*REQUIRED ACTION*
Provide an exact copy of the data, excluding the images.

Start of RAW DATA

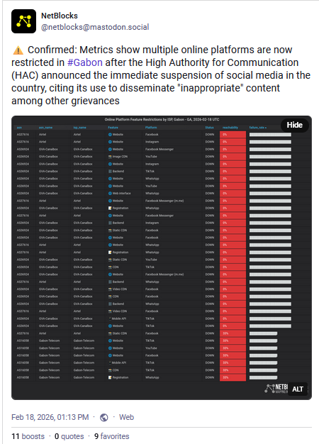 Gabon 🇬🇦 Plusieurs plateformes de réseaux sociaux ont été bloquées dans le pays le 18 février sur demande de la Haute Autorité de la communication (HAC) - et ce “jusqu’à nouvel ordre” - après des manifestations à travers le pays. Facebook, Instagram, TikTok, WhatsApp et YouTube seraient concernés, bien que certains utilisateurs semblent toujours avoir accès à la messagerie instantanée de Meta.
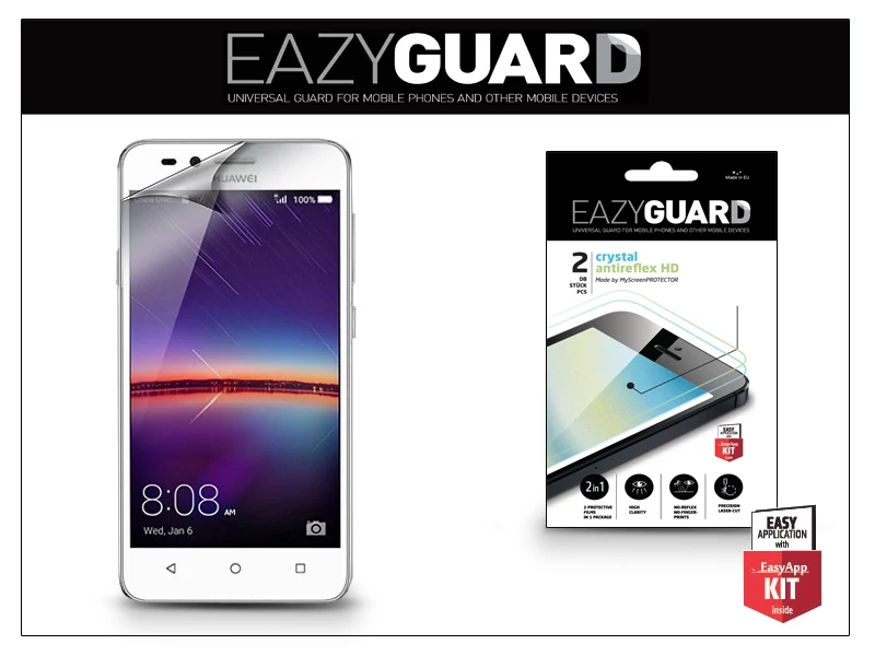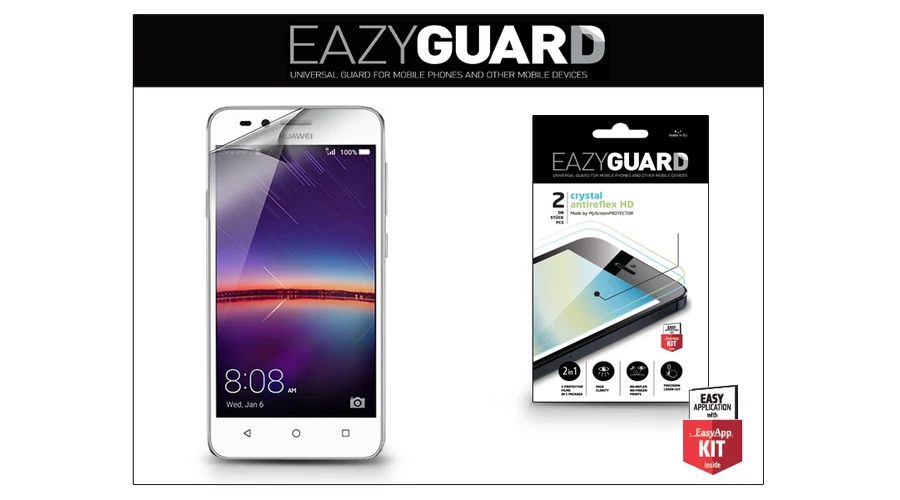 * törlőkendő, EasyApp KIT a könnyű felhelyezéshez, segédeszköz a felsimításhoz, lehúzók (ragasztócsíkok a leválasztandó réteg megfogásához), használati utasítás
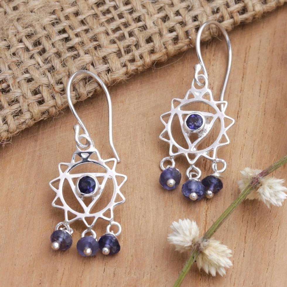 Chakra Themed Sterling Silver and Iolite Dangle Earrings 'Violet Sun' Item ID: 2671748213

End of RAW DATA

*OUTPUT BELOW*
 Gabon 🇬🇦 Plusieurs plateformes de réseaux sociaux ont été bloquées dans le pays le 18 février sur demande de la Haute Autorité de la communication (HAC) - et ce “jusqu’à nouvel ordre” - après des manifestations à travers le pays. Facebook, Instagram, TikTok, WhatsApp et YouTube seraient concernés, bien que certains utilisateurs semblent toujours avoir accès à la messagerie instantanée de Meta.
 * törlőkendő, EasyApp KIT a könnyű felhelyezéshez, segédeszköz a felsimításhoz, lehúzók (ragasztócsíkok a leválasztandó réteg megfogásához), használati utasítás
 Chakra Themed Sterling Silver and Iolite Dangle Earrings 'Violet Sun' Item ID: 2671748213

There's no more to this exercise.